Adults with prediabetes or type 2 diabetes can only be prescribed Wegovy and Saxenda within specialist weight management services. GLP-1 medications like Wegovy may help women manage polycystic ovary syndrome (PCOS), a hormonal condition linked to symptoms such as acne, excessive hair growth, weight gain and fertility issues. ATP measurement (Cell Titre Glow, Promega) on GLUTag cells in response to glucose (5.6 mmol l−1) was performed in the same condition as GLP-1 secretion assays according to the manufacturer’s protocol and luciferase activity was measured using Viktor apparatus (PerkinElmer). In some experiments, cells were deprived of glucose by a 12 h incubation in glucose-free medium (DMEM GLUTamax, Cat. After treatment, GLUTag cells were starved for 30 min in glucose-free Krebs/phosphate buffer (NaCl (120 mmol l−1), KCl (5 mmol l−1), MgCl2 (0.25 mmol l−1), CaCl2 (0.5 mmol l−1) and NaHCO3 (2.2 mmol l−1), pH 7.2) supplemented with diprotin A (100 μmol l−1) and 0.2% BSA. GlutaMAX-1 medium (Cat. No. 21885-025, Invitrogen) with glucose (5.6 mmol l−1), sodium pyruvate (1 mmol l−1) and supplemented with 0.2% BSA containing TβMCA (100 μmol l−1), CDCA (100 μmol l−1) or GW4064 (5 μmol l−1) during 24 h unless specified. The cell supernatants were then transferred into ice-cold microtubes containing an equal volume of diprotin A (100 μmol l−1) in Krebs buffer and centrifuged at 1,500g, 4 °C for 5 min.

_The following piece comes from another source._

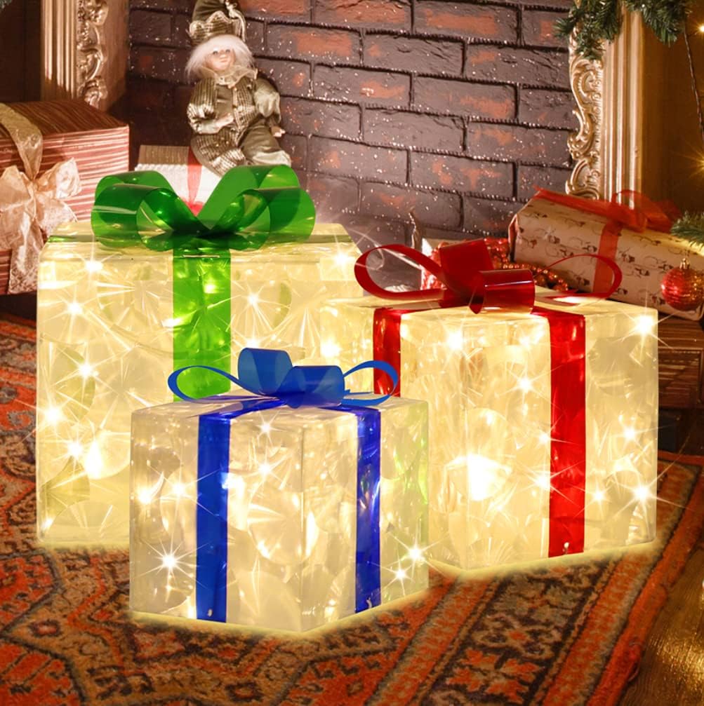 XMASLAND [Large 10"-8.5"-6.5"] 3 Pack 70LED Christmas Lighted Gift Boxes Christmas Decorations for Indoor Outdoor Christmas Tree Skirt Ornament Garden Pathway Holiday Party-Warm White With Flashers Package Includes: 1 x Large box 8.5" x8.5" x10" 1 x Medium box 7" x7" x8.5" 1 x Small box 5.5" x5.5" x6.5" 1 x Instruction 6 x Stakes It is a great way to add a little sparkle to your display.

Cells were incubated in DMEM containing 0.1% bovine serum albumin (BSA) at 37˚C for two days, and the medium was replaced with medium containing indicated concentrations of metformin. Other chemicals included adenosine 5′-diphosphate sodium salt (ADP), fatty acid-free bovine serum albumin (BSA), carbonyl cyanide 4-(trifluoromethoxy) phenylhydrazone (FCCP), oligomycin, antimycin A, rotenone, and succinic acid. The last 8 cm of the small intestine, corresponding to the ileum, was placed in cold Hank’s Balance Salt Solution (HBSS, Lonza) containing 2% horse serum (Life Technologies). GlutaMAX-1 medium (Cat. No. 21885-025, Invitrogen) containing glucose (5.6 mmol l−1), sodium pyruvate (1 mmol l−1) and supplemented with 10% FBS. GlutaMAX-1 (catalogue (Cat.) No. 61870-010, Life Technologies) containing glucose (11 mmol l−1), sodium pyruvate (1 mmol l−1) and supplemented with 10% FBS (Life Technologies) and ColonBroom GLP-1 formula penicillin/streptomycin (10,000 U l−1 per 10 mg l−1) in a 37 °C, 5% CO2 controlled atmosphere. No. 11966-025), supplemented with 1% glutamine, sodium pyruvate (1 mmol l−1), 0.2% BSA and sodium lactate (10 mmol l−1) before FXR activation in either lactate (10 mmol l−1)-, glucose (5.6 mmol l−1)- or 2-deoxyglucose (5.6 mmol l−1)-containing medium. GLP-1 content in culture medium was measured as described below.